According to gmanews.tv, the Lopez group may sell its interest in the Manila Electric Co. (Meralco) at the right price and at the right time. This was hinted by the family’s patriarch a day before the company holds its annual stockholders’ meeting.

"If other opportunities arise that are significantly more attractive than Meralco, then we also have the option to sell down or sell out at significantly higher values than would have been possible if we had opted to engage in a battle of attrition," said Oscar M. Lopez, chairman and chief executive officer of the First Philippine Holdings Corp. (FPHC).

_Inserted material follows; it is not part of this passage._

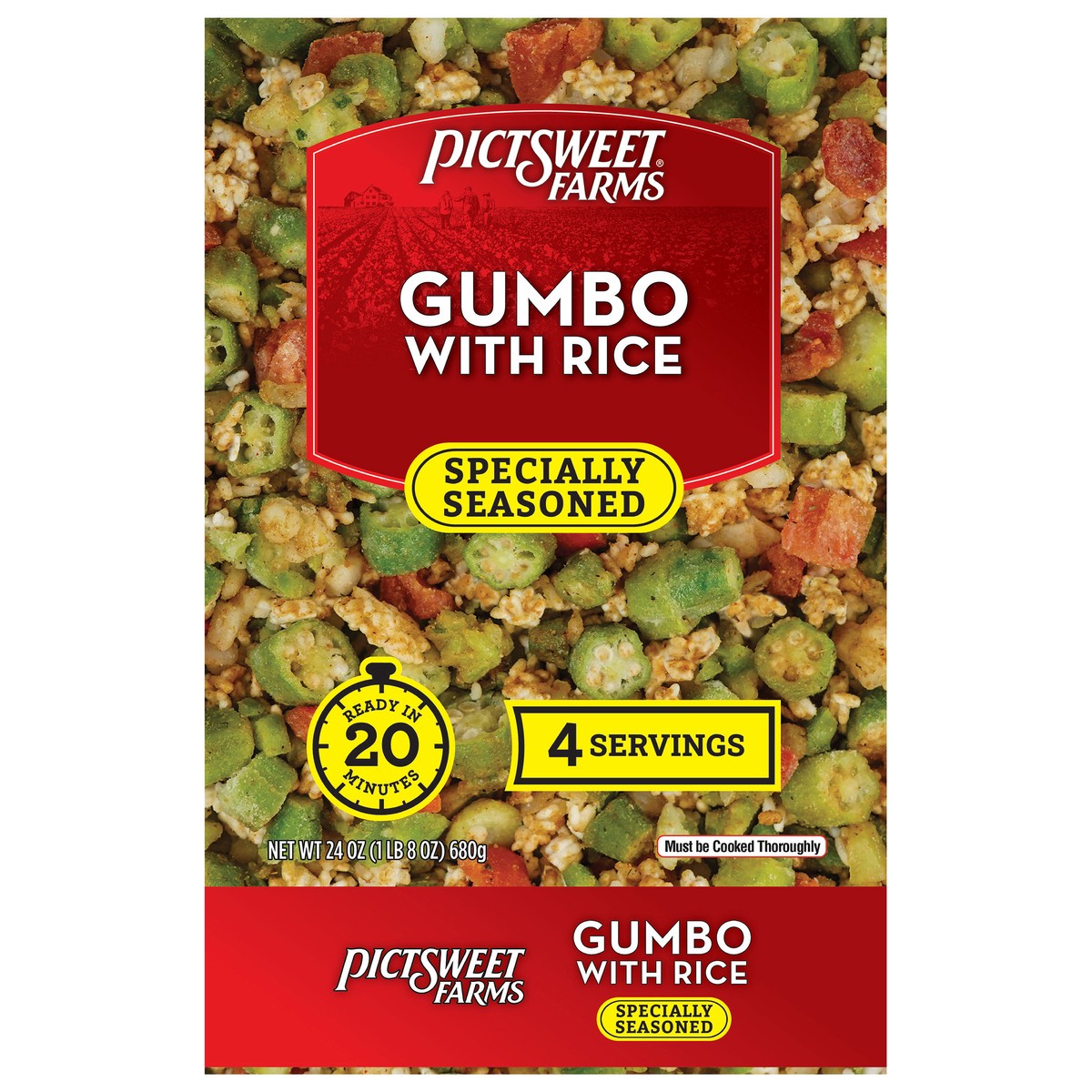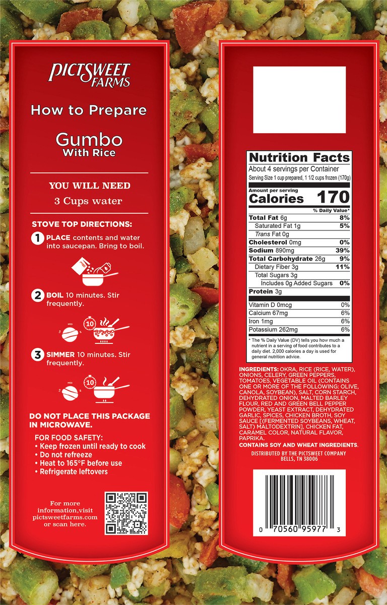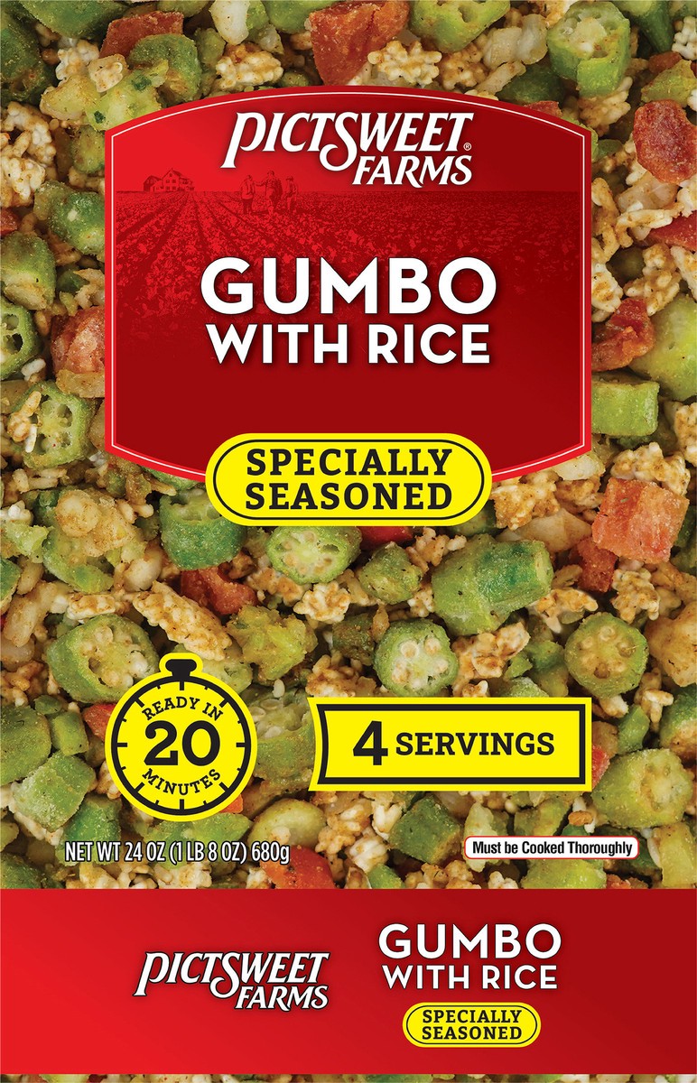Pictsweet Gumbo with Rice Specially Seasoned. Serves 4. Ready in 20 minutes.

He made this announcement during the annual stockholders’ meeting of the FPHC, Meralco’s parent company, held on 25 May 2009.

During the same meeting, he defended the group’s earlier decision to sell 20 percent of its Meralco stake to the Philippine Long Distance Telephone Co. (PLDT) and Metro Pacific Investments Corp. (MPIC), which are both headed by Manuel V. Pangilinan.

The 20 percent stake sale has helped “forge a strategic alliance that will enable us to continue to participate, both as owners and as business partners, in a Meralco whose potential value has been greatly been enhanced by the possibilities of synergy with PLDT," Lopez said.

Besides providing Meralco – and its parent – much-needed funds to manage its debts, the transaction has also "liberated" the Lopezes from defending its challenges to their ownership and management.

Two years ago, FPHC bought the 9.1 percent Meralco stake held by Spanish company Union Fenosa using debts.

The group’s financial obligations increased when it had to cover the 40 percent interest of Icelandic firm Reykjavik Energy Invest, and Spalmare Holdings BV in the joint venture that won the bidding for a substantial interest in PNOC-Energy Development Corp. (EDC).

FPHC’s debts have been cut in half with the Meralco stake sale to PLDT, First Holdings president Elpidio Ibanez said.

Meanwhile, the transaction reportedly allowed PLDT to fortify its lease agreements with the electricity distributor.

PLDT currently rents Meralco posts and its similar structures for cables of its phone and internet business.

Meralco, the Philippines’ largest electric company, is set to hold its stockholders’ meeting on Tuesday, an occasion that may give rise to a proxy war similar to the one that occurred exactly one year ago.

In 2008, then-substantial shareholder Government Service Insurance System (GSIS) disputed the validity of proxies presented by the Lopezes, a move the pension fund claimed allowed the family to retain Meralco control.

The pension fund later sold its 27 percent Meralco stake to San Miguel Corp., a Manila-based food conglomerate seeking to diversify into non-core and higher-yielding businesses such as energy and telecommunications.

Lopez credited San Miguel for using "friendlier tactics to win over Meralco."

As a result, pundits and market observers alike are looking forward to surprises regarding Tuesday’s stockholders’ meeting.

PLDT, together with First Holdings, hold a combined 43.4 percent of Meralco.

For his part, SMC president Ramon S. Ang said that the company, with its allies, have a combined 43 percent control.

The remaining shares are considered as a "swing vote" for Meralco's ownership.